■ **Exercise objective**
Leaving out every picture, copy the lines of the material below exactly, from the line containing "Line the walls" through the line containing "其中,餐饮外卖有望实现31%".

■ **Records to use**

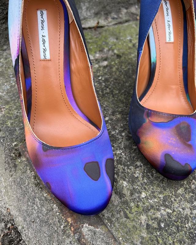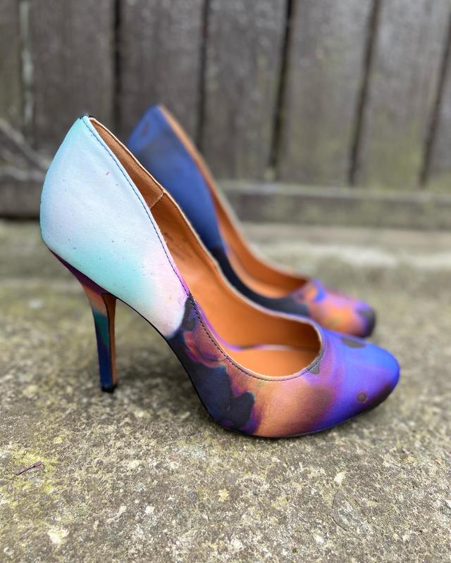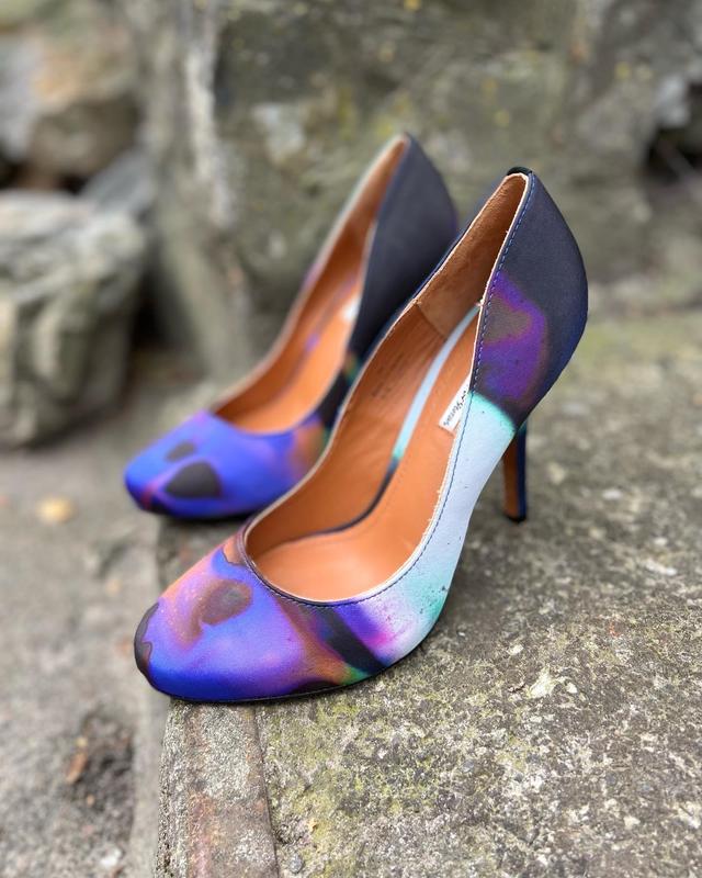 Вишукані витончені туфлі з цупкого текстилю та натуральної шкіри
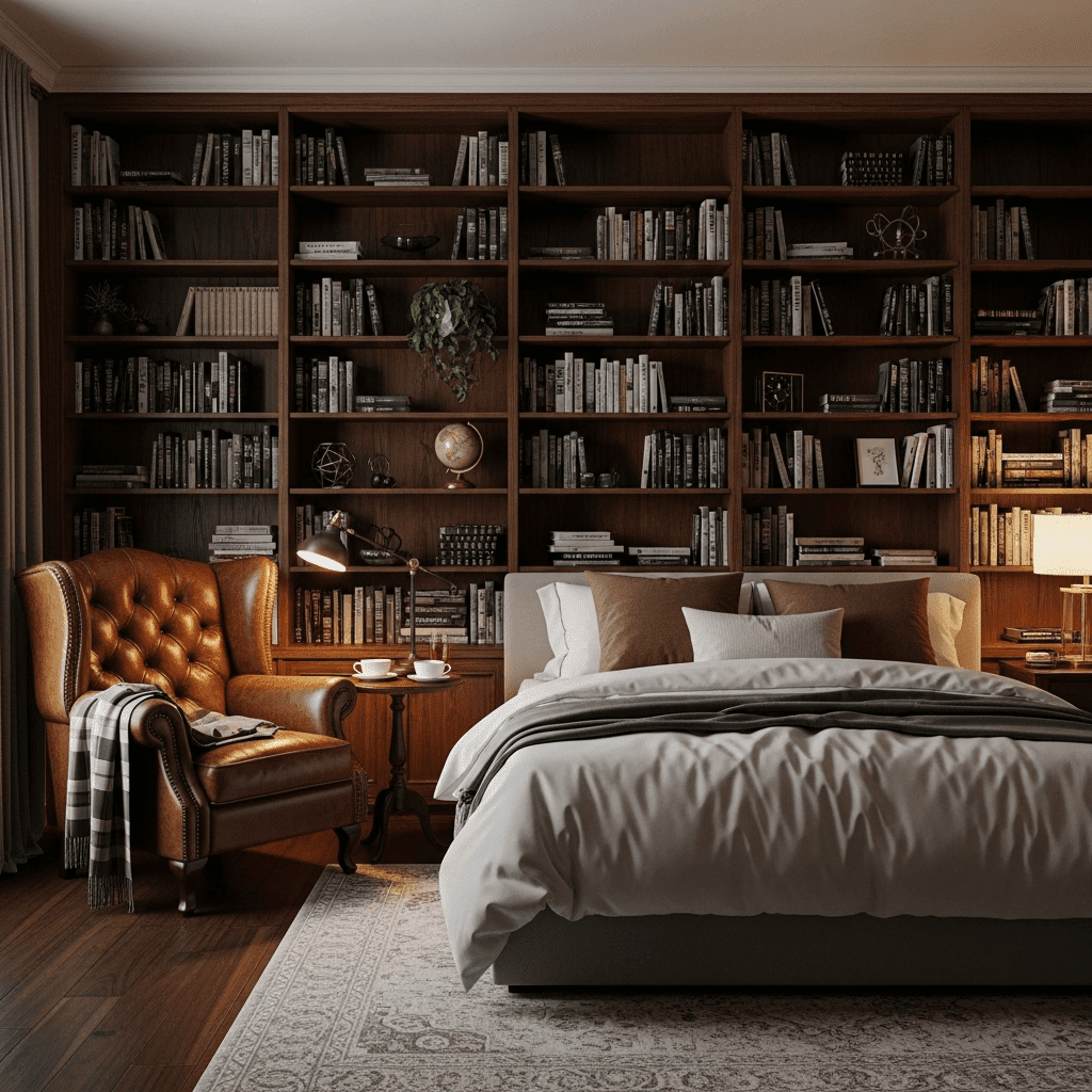 Line the walls with dark wood bookshelves and a small leather armchair. This turns the guest room into a scholarly retreat that feels lived-in and secretive.
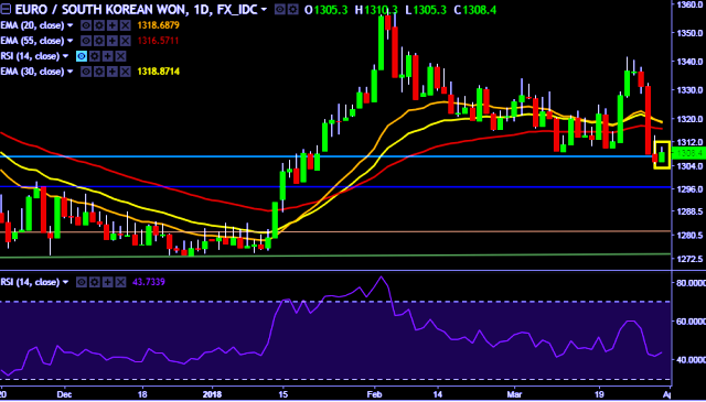 We prefer to take short position on EUR/KRW only below 1,305, stop loss at 1,315 and target of 1,273.
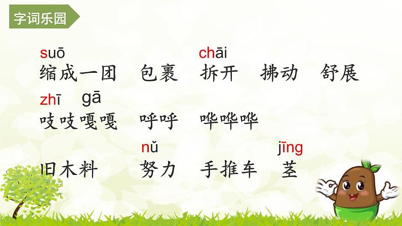 缩成一团 包裹 拆开 拂动 舒展吱吱嘎嘎 呼呼 哗哗哗旧木料 努力 手推车 茎
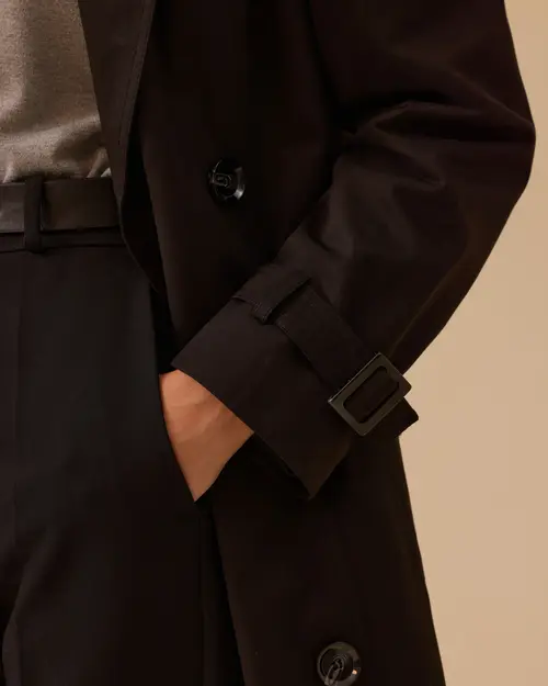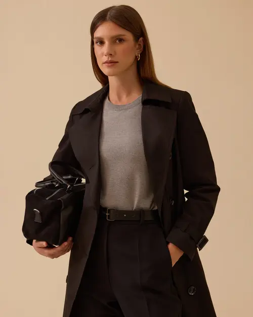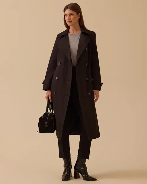 Kemerli Uzun Klasik Trençkot, çift sıra düğme detayıyla zamansız bir şıklık sunar.
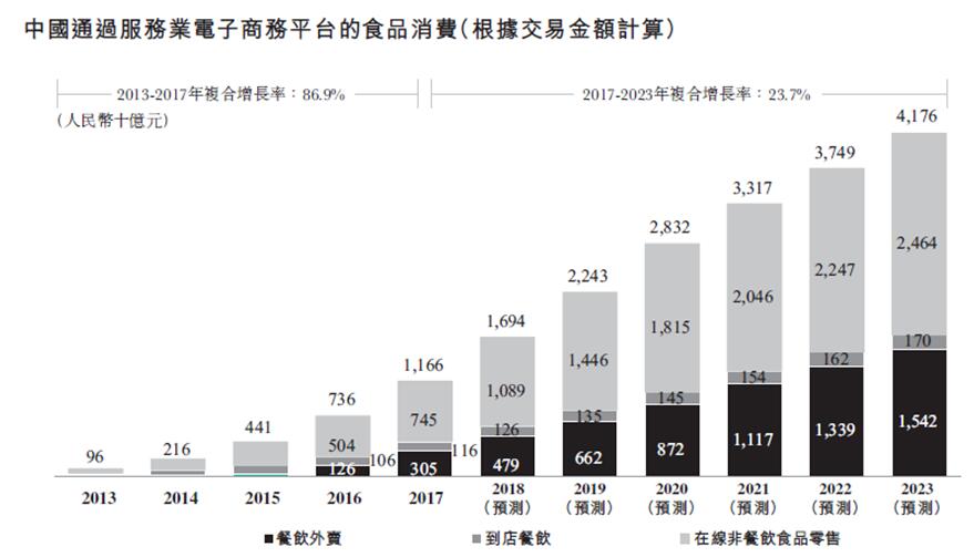 其中,餐饮外卖有望实现31%的复合增长率,在线非餐饮食品零售有望实现22%的年复合增长。
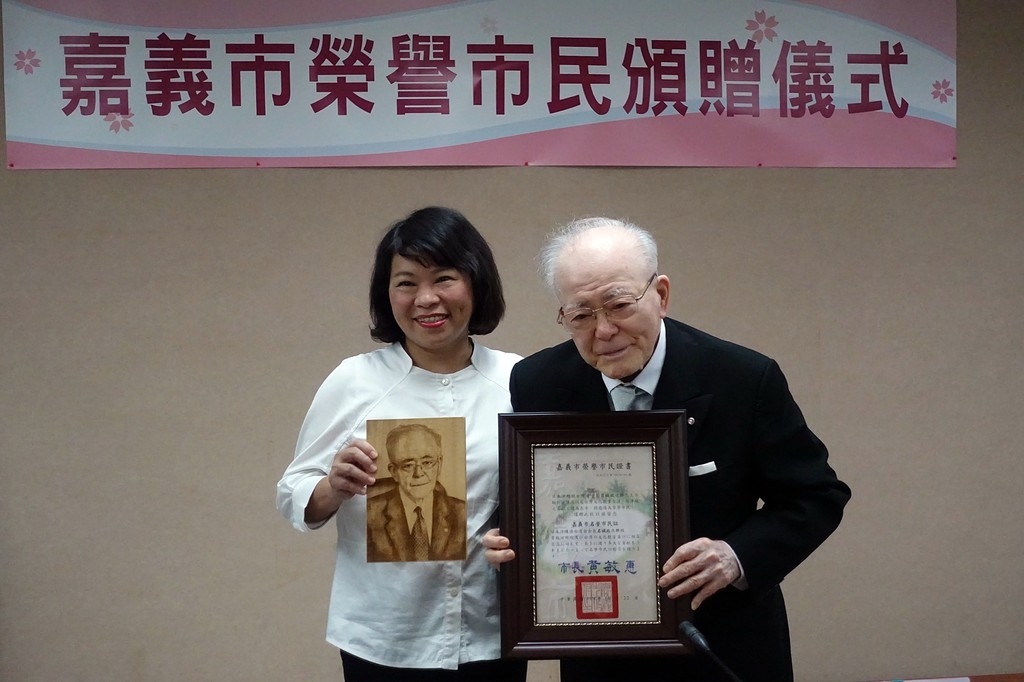 ▲▼ 嘉義市長黃敏惠頒贈名城政次郎先生(圖右)榮譽市民。(圖/記者翁伊森翻攝)
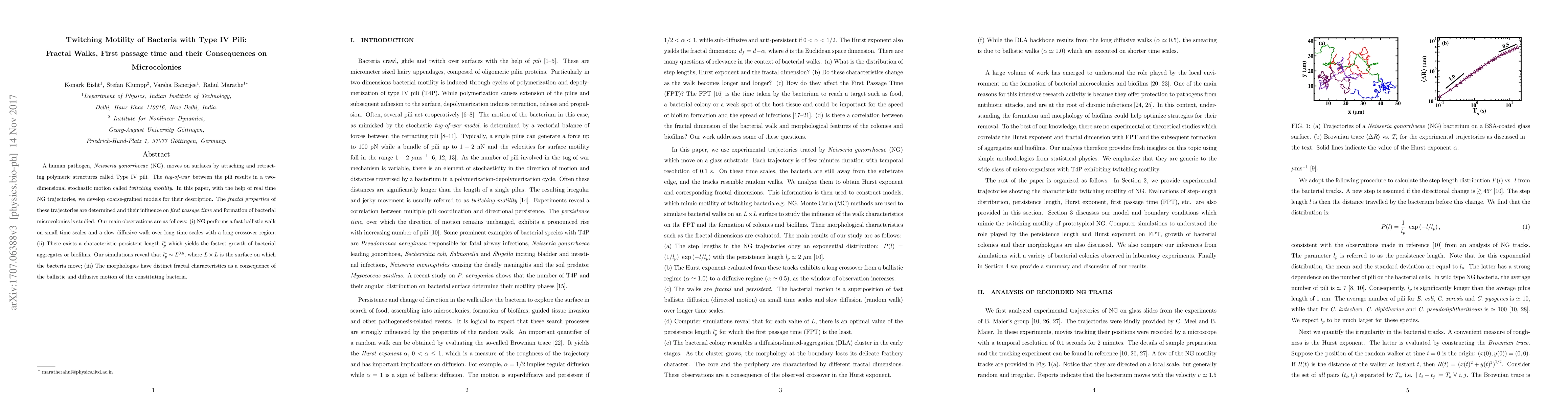 A human pathogen, \textit{Neisseria gonorrhoeae} (NG), moves on surfaces by attaching and retracting polymeric structures called Type IV pili. The \textit{tug-of-war} between the pili results in a two-dimensional stochastic motion called \textit{twitching motility}. In this paper, with the help of real time NG trajectories, we develop coarse-grained models for their description. The \textit{fractal properties} of these trajectories are determined and their influence on \textit{first passage time} and formation of bacterial microcolonies is studied. Our main observations are as follows: (i) NG performs a fast ballistic walk on small time scales and a slow diffusive walk over long time scales with a long crossover region; (ii) There exists a characteristic persistent length $l_p^*$ which yields the fastest growth of bacterial aggregates or biofilms. Our simulations reveal that $l_{p}^{*} \sim L^{0.6}$, where $L\times L$ is the surface on which the bacteria move; (iii) The morphologies have distinct fractal characteristics as a consequence of the ballistic and diffusive motion of the constituting bacteria.
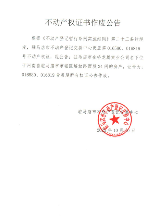 驻马店市金桥龙腾实业公司的不动产权证书作废公告
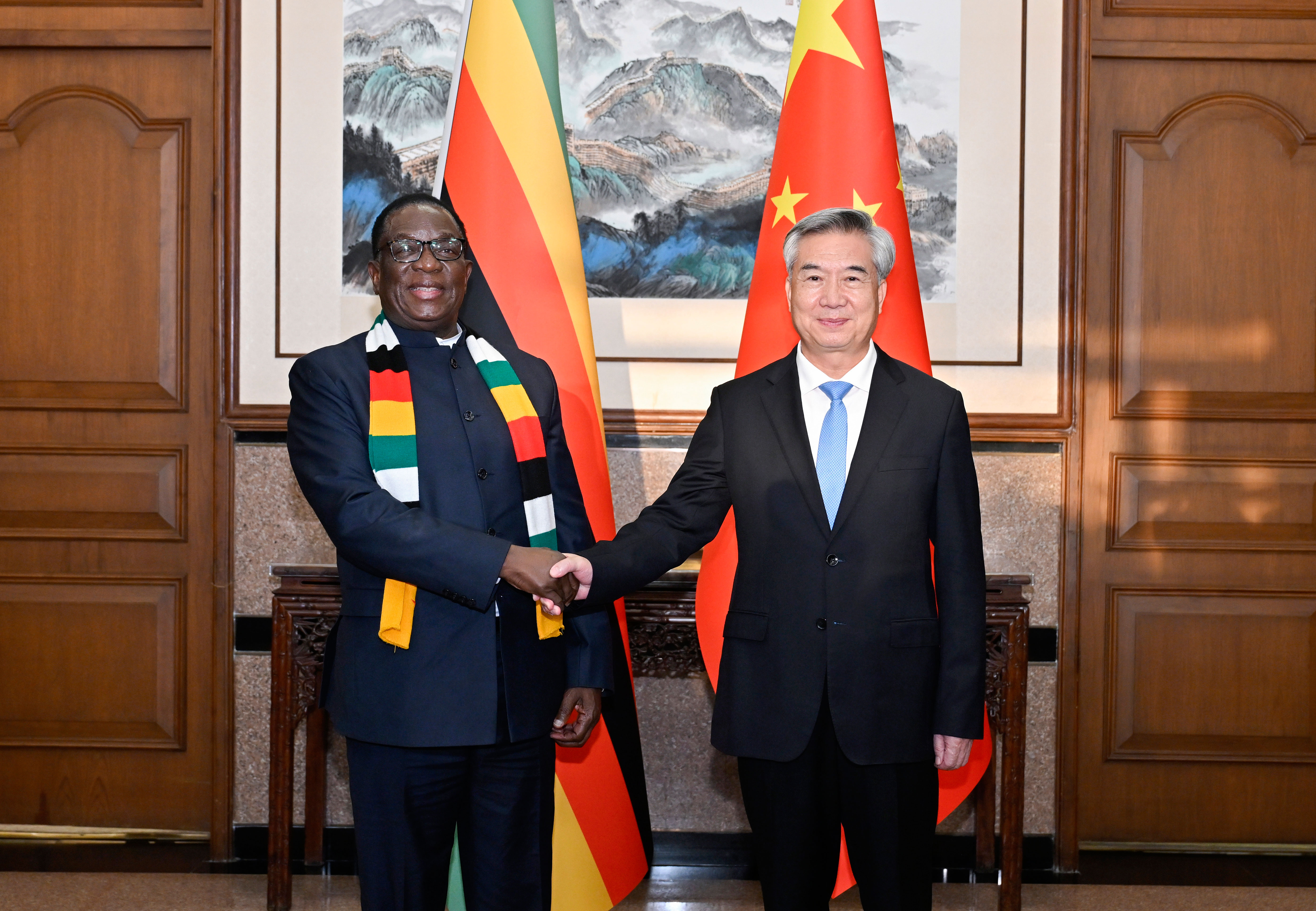 9月4日,中共中央政治局常委、中央紀委書記李希在北京會見來華出席紀念中國人民抗日戰爭暨世界反法西斯戰爭勝利80周年活動的津巴布韋總統姆南加古瓦。 新華社記者 岳月偉 攝

■ **Written response**
 Line the walls with dark wood bookshelves and a small leather armchair. This turns the guest room into a scholarly retreat that feels lived-in and secretive.
 We prefer to take short position on EUR/KRW only below 1,305, stop loss at 1,315 and target of 1,273.
 缩成一团 包裹 拆开 拂动 舒展吱吱嘎嘎 呼呼 哗哗哗旧木料 努力 手推车 茎
 Kemerli Uzun Klasik Trençkot, çift sıra düğme detayıyla zamansız bir şıklık sunar.
 其中,餐饮外卖有望实现31%的复合增长率,在线非餐饮食品零售有望实现22%的年复合增长。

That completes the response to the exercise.